Notions de base
1. Quantification du Stress Mécanique (QSM)
- Stress mécanique = charge appliquée sur le corps lors d’une activité.
- Le corps s’adapte si le stress mécanique ≤ capacité d’adaptation.
- Échelle de stress mécanique : de 0 (pas de choc) à 10 (stress maximal).
- Exemples : natation (faible stress), jogging (stress modéré), pliométrie (stress élevé).
- Quantifier quotidiennement le stress est essentiel pour éviter les blessures.
La meilleure prévention des blessures passe par la quantification du stress mécanique appliqué.
2. Minimalisme
- Minimalisme = chaussure légère, fine, avec faible amorti et faible drop.
- Avantages : meilleure performance, plus naturel.
- Indice minimalisme : mesure normalisée du niveau de minimalisme d’une chaussure.
- Recommandations :
- Plus la chaussure est légère et fine, plus elle est minimaliste.

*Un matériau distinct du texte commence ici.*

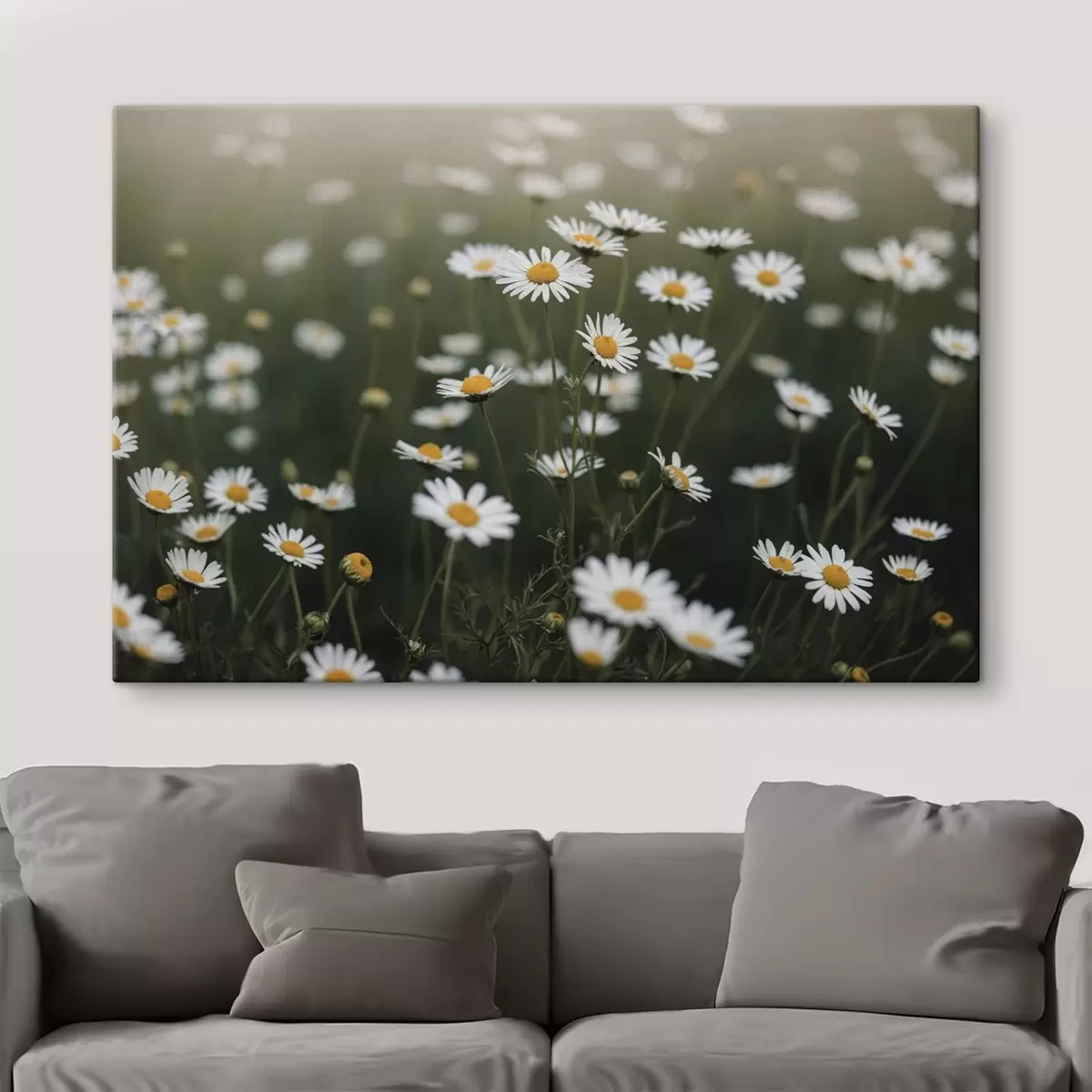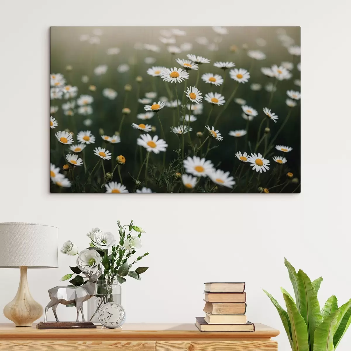 Schilderij Madeliefjesveld met onscherpe groene achtergrond Art. s44898

- Moyen-avant pied favorisé.
- Pas d’épaisseur importante (environ 70 % de l’indice minimalisme).
- Adaptation nécessaire lors du passage à une chaussure minimaliste (transition progressive).
3. Maximalisme
- Chaussures avec amorti très important et épaisseur élevée.
- Favorisent l’absorption des chocs mais peuvent modifier la foulée.
- Transition entre minimalisme et maximalisme doit être progressive pour éviter blessures.
4. La foulée
- Cadence idéale = 180 pas par minute.
- Cadence élevée diminue le risque de blessures.
- Technique de foulée adaptée réduit les contraintes mécaniques.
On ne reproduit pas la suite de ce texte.